29 January 2026.
ISBN: 978-1-83598-121-4 (PB)
London in 2008 is experiencing a surge in new buildings as it prepares for the 2012 Olympics and, when a body is unearthed on a building site, the Bethnal Green CID is contacted. It is DI Kelly Porter’s last day there, as she is moving to a new post with the Metropolitan Police’s Major Investigation Team. However, it’s an important case and she does not feel that she can leave her colleagues (and, indeed, friends) to cope unaided. When she arrives at the scene, she discovers that the age of the body is uncertain and it will not be clear who is responsible for the case until this is ascertained. However, the body does have some interesting grave goods, including a plastic nose and a wooden toy that looks like Pinocchio.
Kelly arrives at her new post on the following Monday feeling slightly hot and bothered and perhaps a bit nervous. She is introduced to her partner, DI Seb Crook, who seems helpful and shows her around. Almost immediately they are assigned to a murder case following the discovery of a body at a school. They are faced with the body of a woman, which appears to have been arranged for maximum effect. Behind the body is a small booth in which is a puppet of Mr Punch (the violent protagonist of the traditional British Punch and Judy seaside puppet shows). Kelly and Seb start their investigation on this somewhat grisly case and it becomes clear that there is a connection between this and the murder on the building site (on which her colleagues at Bethnal Green are still working).

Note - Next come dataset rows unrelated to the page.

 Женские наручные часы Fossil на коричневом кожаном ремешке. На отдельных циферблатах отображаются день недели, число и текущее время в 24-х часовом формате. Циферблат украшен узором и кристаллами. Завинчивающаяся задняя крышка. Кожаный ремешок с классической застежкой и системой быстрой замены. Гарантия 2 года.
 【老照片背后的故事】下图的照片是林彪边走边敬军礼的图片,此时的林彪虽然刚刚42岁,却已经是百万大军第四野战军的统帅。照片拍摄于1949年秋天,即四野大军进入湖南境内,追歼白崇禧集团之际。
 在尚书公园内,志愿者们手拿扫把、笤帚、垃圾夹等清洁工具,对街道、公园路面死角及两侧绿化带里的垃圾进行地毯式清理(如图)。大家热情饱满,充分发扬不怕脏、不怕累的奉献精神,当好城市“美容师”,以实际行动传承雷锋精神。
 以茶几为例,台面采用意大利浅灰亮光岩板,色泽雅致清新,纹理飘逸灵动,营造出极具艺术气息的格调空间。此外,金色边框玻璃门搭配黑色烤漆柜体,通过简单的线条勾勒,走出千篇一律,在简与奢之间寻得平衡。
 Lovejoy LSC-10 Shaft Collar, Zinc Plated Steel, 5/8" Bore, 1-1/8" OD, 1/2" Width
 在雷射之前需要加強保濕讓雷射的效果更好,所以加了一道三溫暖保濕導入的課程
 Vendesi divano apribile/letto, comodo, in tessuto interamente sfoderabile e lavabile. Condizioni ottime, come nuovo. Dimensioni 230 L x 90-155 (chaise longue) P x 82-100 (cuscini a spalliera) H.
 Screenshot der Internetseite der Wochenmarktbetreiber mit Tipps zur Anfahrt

A sad story emerges of historical institutional ill-treatment of children and its continuing malign legacy. As Kelly and Seb get to know one another, Kelly discovers things about him that don’t quite make sense. She also feels that, despite her new boss, DCI Leia Lord, being complimentary about her work, there is something not quite right about her.

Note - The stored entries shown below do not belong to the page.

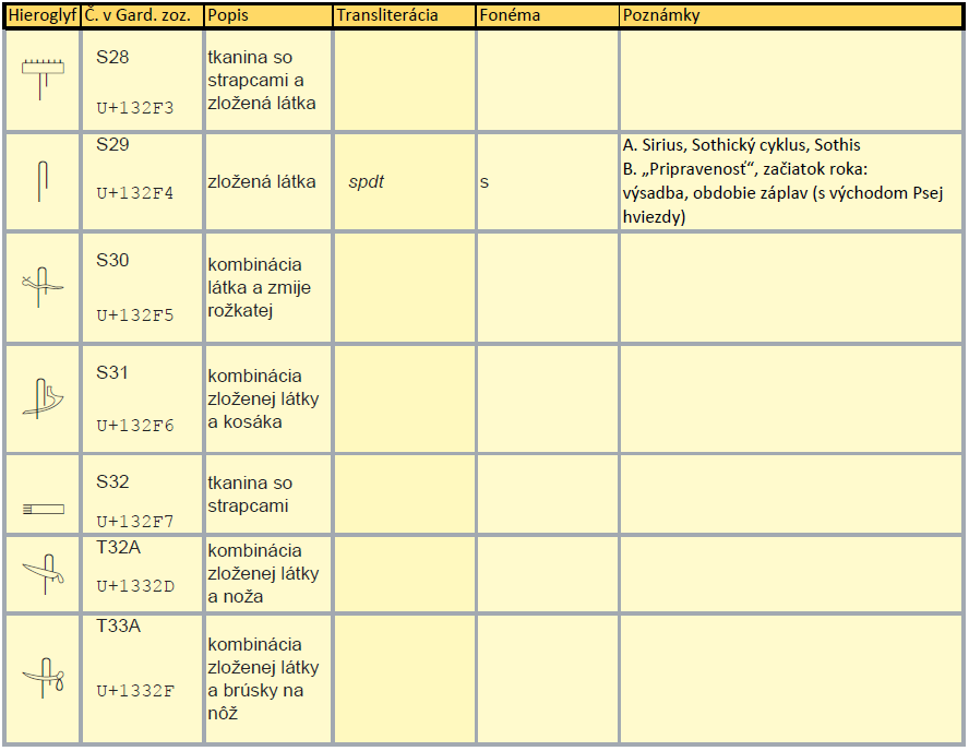 Medzi fonetickými hieroglyfmi nájdeme zložené plátno S29. Toto zložené plátno súvisí s hviezdou, s vodou, s blahodarnými povodňami, teda s požehnaním a so začiatkom nového roka, teda s časom. Asi ťažko by ste v ňom našli tvarovú podobu s mem מ. Ale ak sa pozriete na hieroglyf T32A, ktorý znázorňuje kombináciu zloženej látky a noža, celkom prirodzene nás môže napadnúť trhanie, či delenie šiat, ktoré vidíme v hornom záreze, či natrhnutí mem מ. Okrem prehodenej látky nájdeme tiež tkaninu so strapcami, ktorá je vlastne len malým detailom dotvorený hieroglyf bazéna.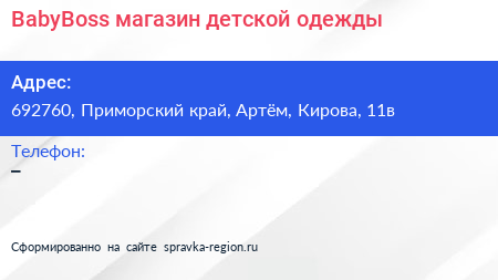 BabyBoss, магазин детской одежды по адресу 692760, Приморский край, Артём, Кирова, 11в в дальнейшем Организация, размещена в следующих категориях:
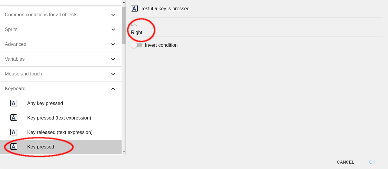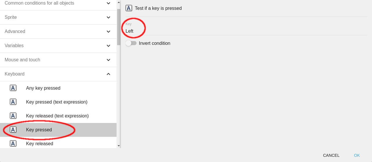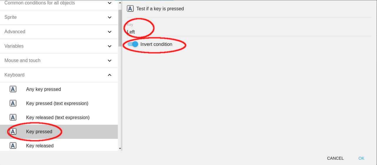 To achieve this, we add a new event and try to add the above 2 conditions, i.e. right key press inverted and left key press inverted. We add a condition Left key is pressed and turn on the switch below that says Invert conditions.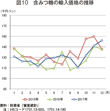 1月の糖種別・地域別の砂糖価格(日経相場)は次の通りであった。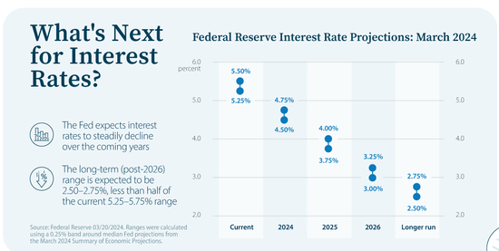 2024年3月,美联储发布了《经济预测摘要》,概述了其对美国利率将在2024年及以后稳步下降的预期。
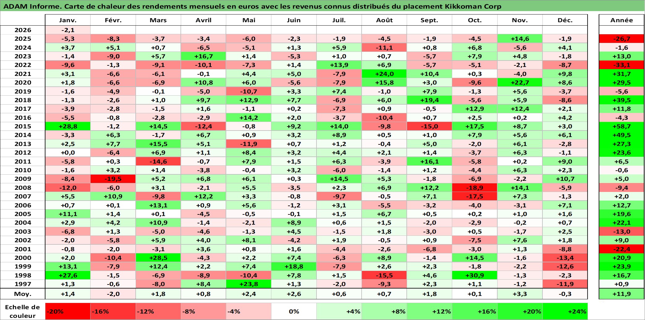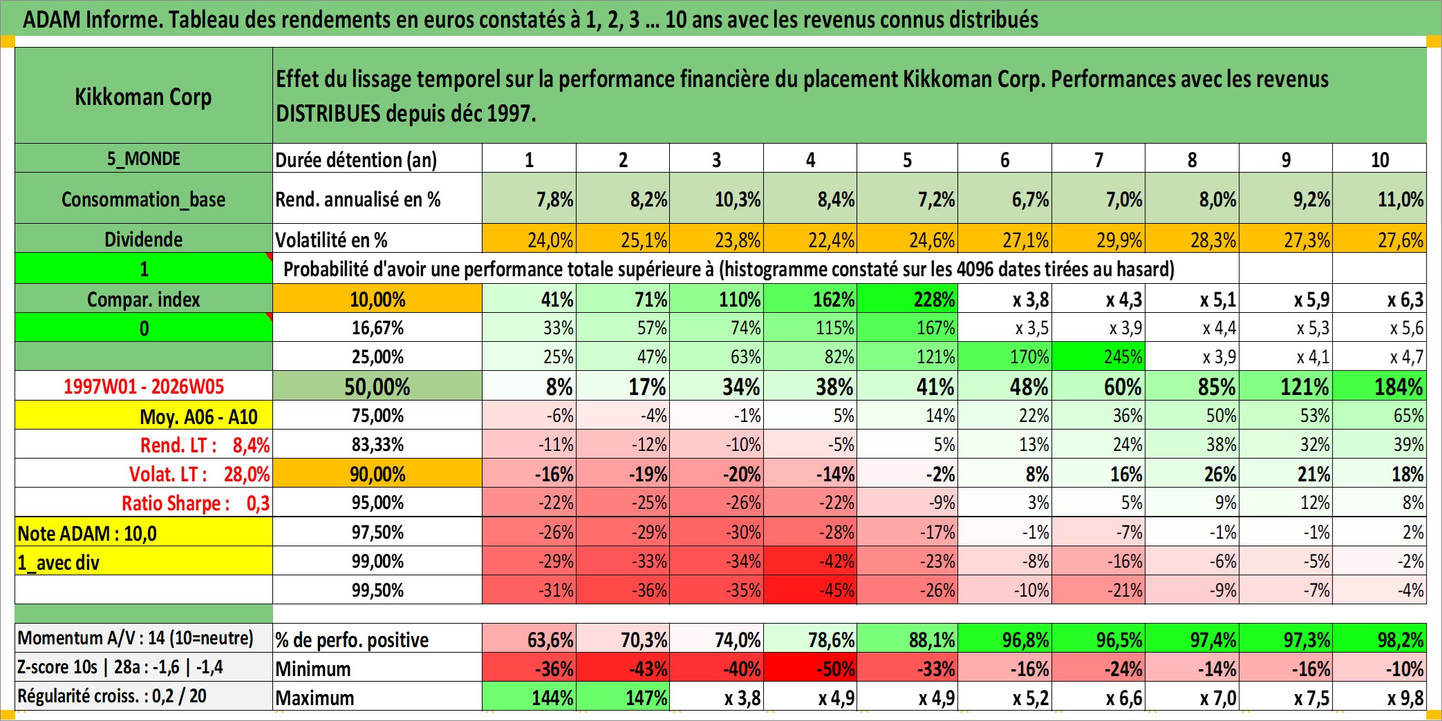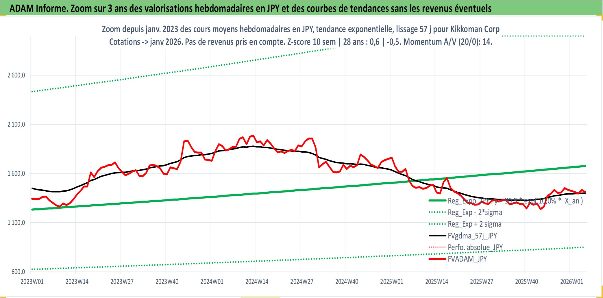 Site dédié aux investisseursPage dédiée sur site financeAnalyse des valorisations hebdomadaires de l'action Kikkoman Corp. Cet actif est cote en JPY. Les valorisations sont en contrevaleur EURO et couvrent les semaines 1997W01 a 2026W05. Les revenus de cet actif financier sont pris en compte depuis la semaine 1997W52. La note globale ESG de cet actif est estimee a 3.0 (apres rebasage entre 0 et 20).

This is a carefully plotted story, with quite a large cast (including the Museum of Childhood, now the Young V&A). It maintains a continuing tension and varied pace, tracing events over several decades, and having a realistic setting in 2008. The pressures of maintaining personal lives and loyalties come up against professional expectations.
The story
is actually a prequel to the author’s popular D I Kelly Porter series and works
completely as a stand-alone. For those
readers already captured by Kelly and her life it will be and interesting and
informative read, as well as being a good introduction to the series for
newcomers.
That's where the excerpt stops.